Activity: Exactly as written, output the lines below starting from the first and ending with the line that contains "- Штукатурный слой"; omit pictures.

Provided information:
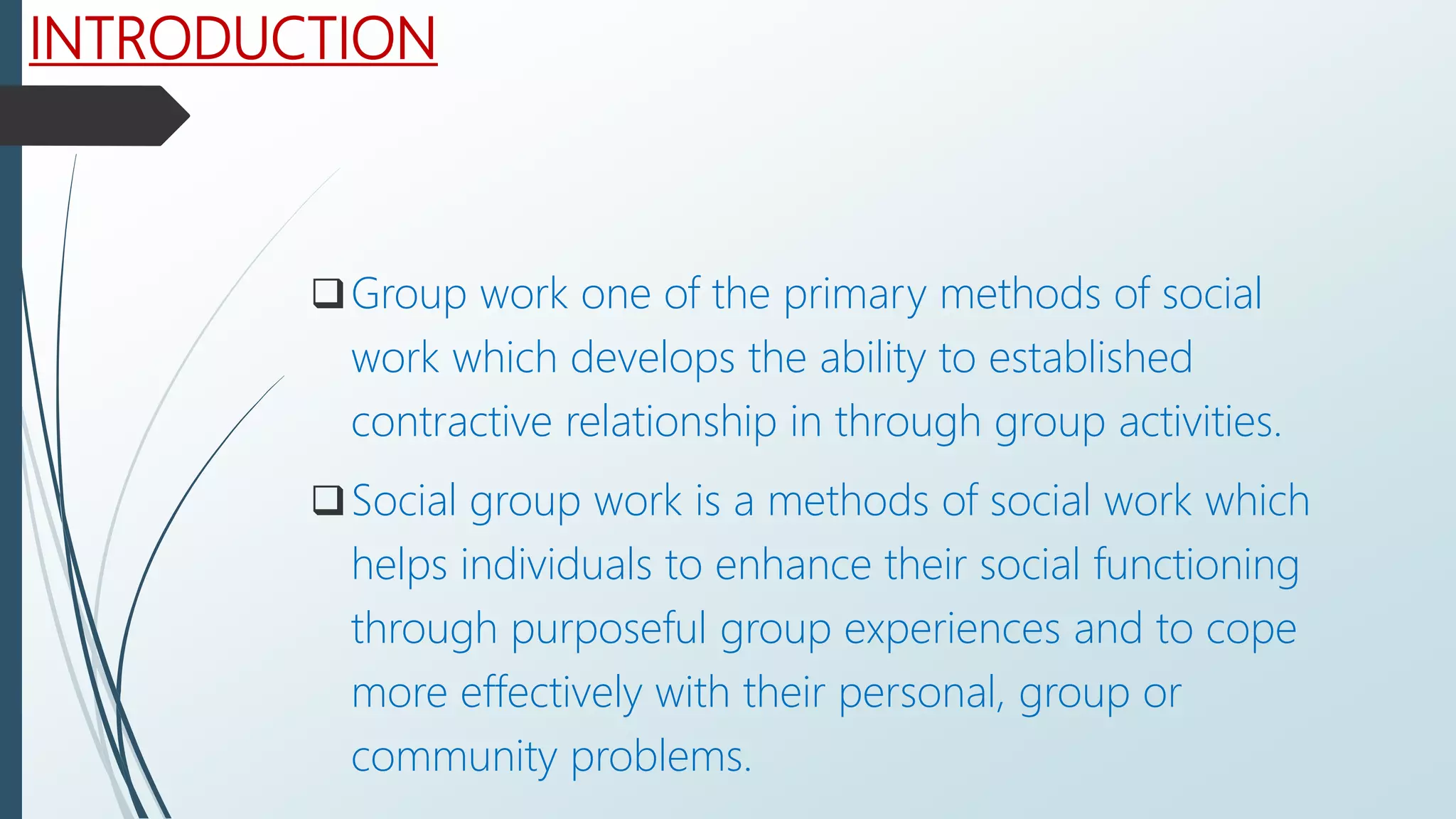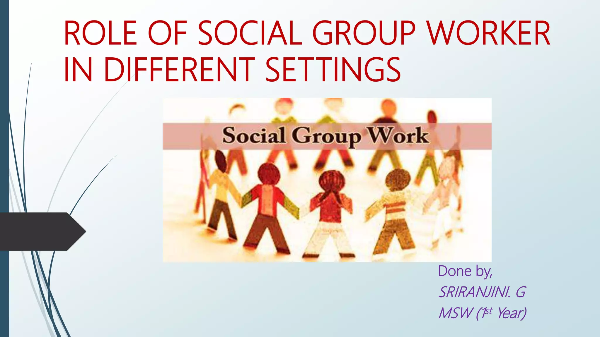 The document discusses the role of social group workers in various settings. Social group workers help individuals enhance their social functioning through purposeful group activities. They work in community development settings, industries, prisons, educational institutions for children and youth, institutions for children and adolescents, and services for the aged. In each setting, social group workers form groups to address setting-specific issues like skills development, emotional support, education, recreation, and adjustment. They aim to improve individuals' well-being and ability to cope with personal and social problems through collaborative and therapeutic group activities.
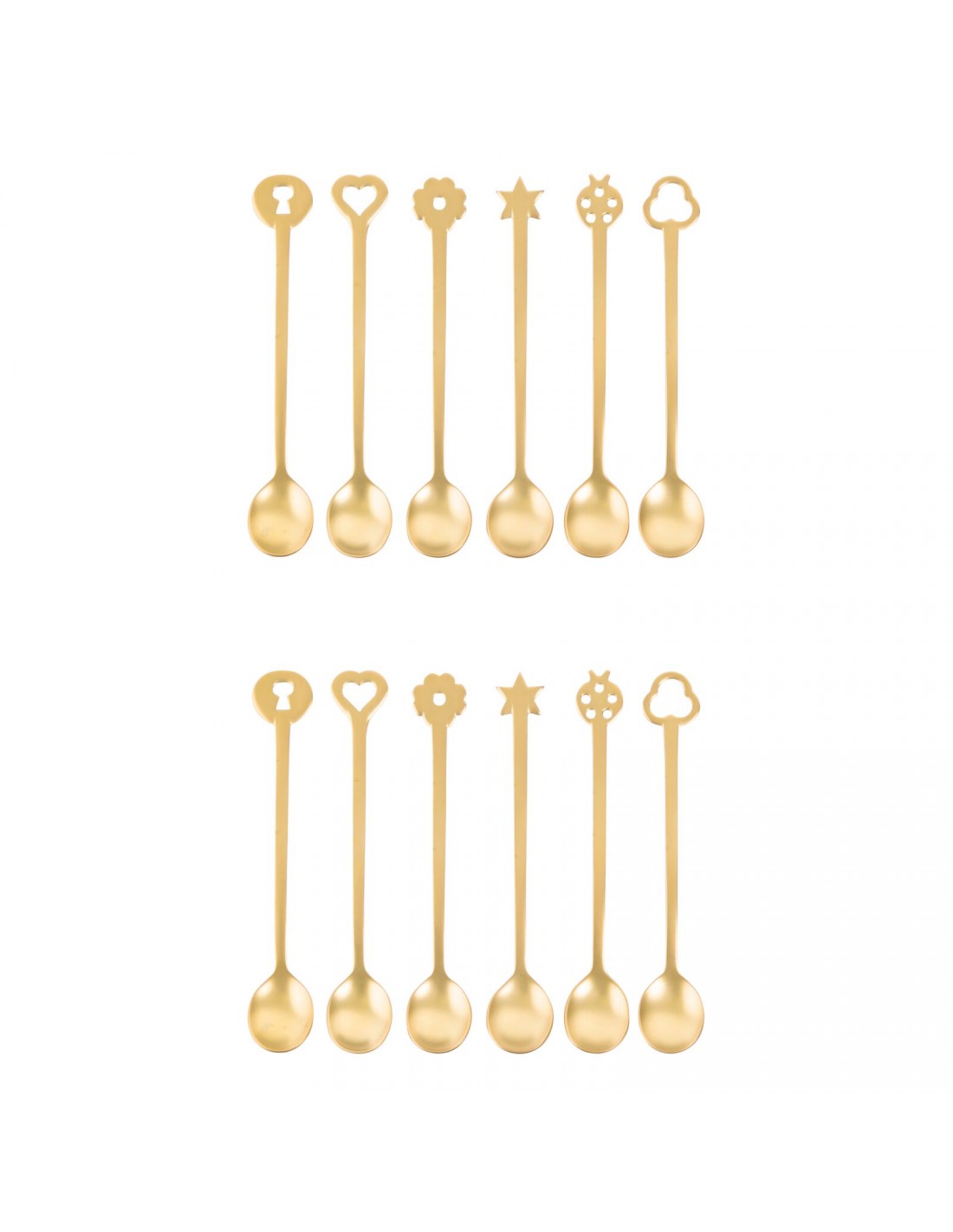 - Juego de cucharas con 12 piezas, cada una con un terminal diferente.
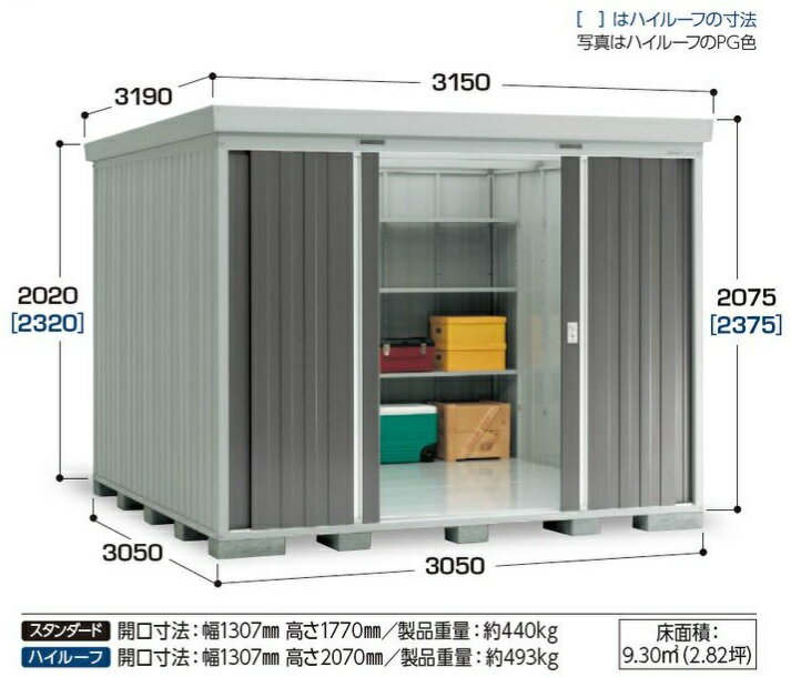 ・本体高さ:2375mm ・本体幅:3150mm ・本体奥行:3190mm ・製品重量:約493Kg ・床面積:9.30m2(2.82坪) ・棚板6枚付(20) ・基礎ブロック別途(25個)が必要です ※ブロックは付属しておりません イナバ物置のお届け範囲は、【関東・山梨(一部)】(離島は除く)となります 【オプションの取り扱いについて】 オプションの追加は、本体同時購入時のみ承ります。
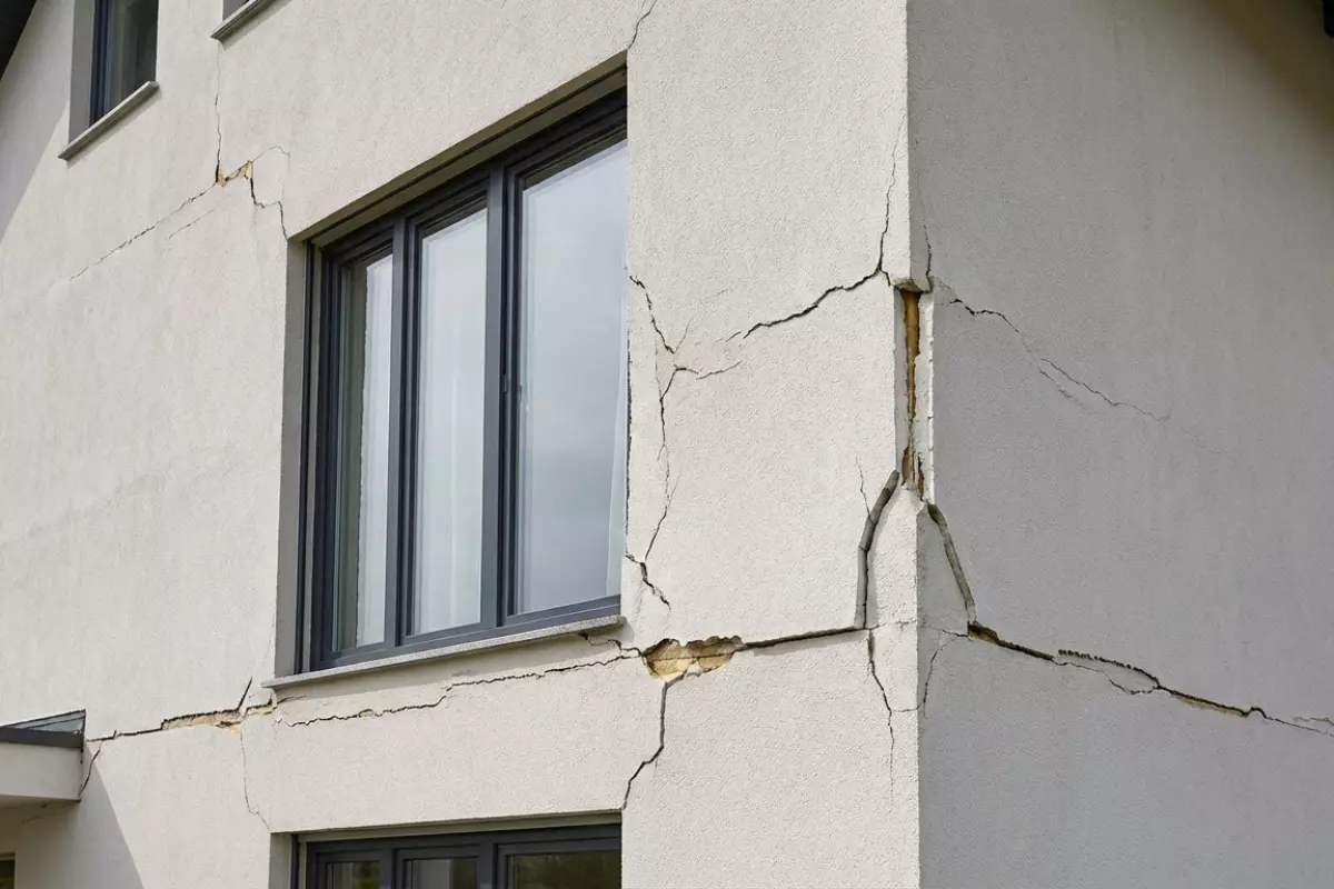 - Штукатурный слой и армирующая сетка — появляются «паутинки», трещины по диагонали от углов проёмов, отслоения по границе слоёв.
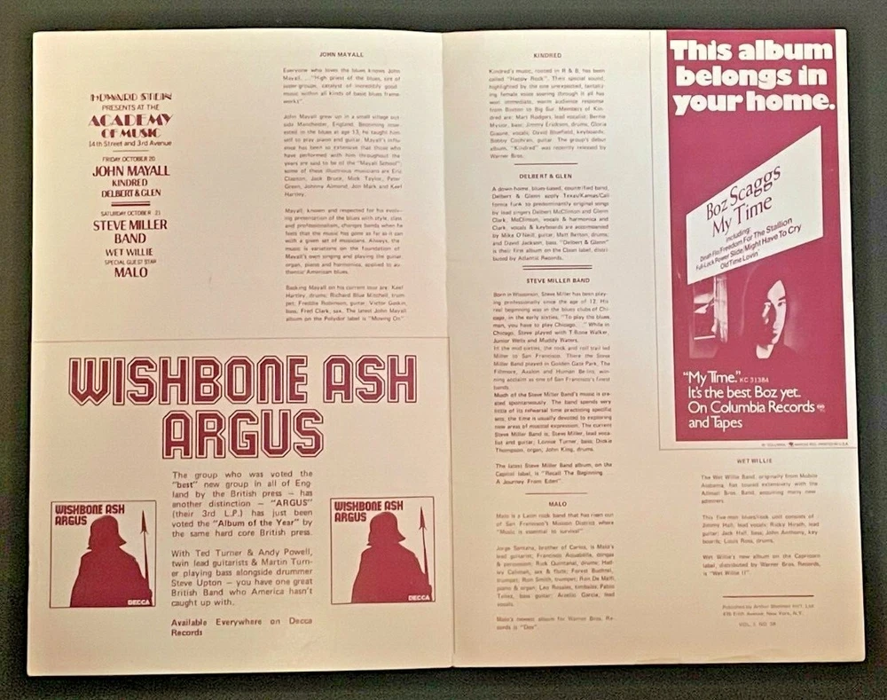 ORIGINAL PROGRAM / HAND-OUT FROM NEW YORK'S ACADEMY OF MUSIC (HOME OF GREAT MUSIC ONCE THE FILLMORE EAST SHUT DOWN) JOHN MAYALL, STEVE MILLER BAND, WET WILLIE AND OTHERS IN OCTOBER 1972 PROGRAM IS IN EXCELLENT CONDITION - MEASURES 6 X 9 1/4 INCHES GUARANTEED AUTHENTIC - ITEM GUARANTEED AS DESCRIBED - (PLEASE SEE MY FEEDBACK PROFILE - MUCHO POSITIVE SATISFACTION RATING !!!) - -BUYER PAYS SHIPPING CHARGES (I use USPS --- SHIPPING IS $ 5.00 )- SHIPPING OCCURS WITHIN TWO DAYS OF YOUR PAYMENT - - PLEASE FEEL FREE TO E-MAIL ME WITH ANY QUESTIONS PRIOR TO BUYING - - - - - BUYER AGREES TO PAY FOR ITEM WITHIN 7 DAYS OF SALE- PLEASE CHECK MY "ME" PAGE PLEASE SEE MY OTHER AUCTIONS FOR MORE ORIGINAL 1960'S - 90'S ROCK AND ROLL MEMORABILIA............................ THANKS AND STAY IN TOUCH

Solution to this problem:
 The document discusses the role of social group workers in various settings. Social group workers help individuals enhance their social functioning through purposeful group activities. They work in community development settings, industries, prisons, educational institutions for children and youth, institutions for children and adolescents, and services for the aged. In each setting, social group workers form groups to address setting-specific issues like skills development, emotional support, education, recreation, and adjustment. They aim to improve individuals' well-being and ability to cope with personal and social problems through collaborative and therapeutic group activities.
 - Juego de cucharas con 12 piezas, cada una con un terminal diferente.
 ・本体高さ:2375mm ・本体幅:3150mm ・本体奥行:3190mm ・製品重量:約493Kg ・床面積:9.30m2(2.82坪) ・棚板6枚付(20) ・基礎ブロック別途(25個)が必要です ※ブロックは付属しておりません イナバ物置のお届け範囲は、【関東・山梨(一部)】(離島は除く)となります 【オプションの取り扱いについて】 オプションの追加は、本体同時購入時のみ承ります。
 - Штукатурный слой и армирующая сетка — появляются «паутинки», трещины по диагонали от углов проёмов, отслоения по границе слоёв.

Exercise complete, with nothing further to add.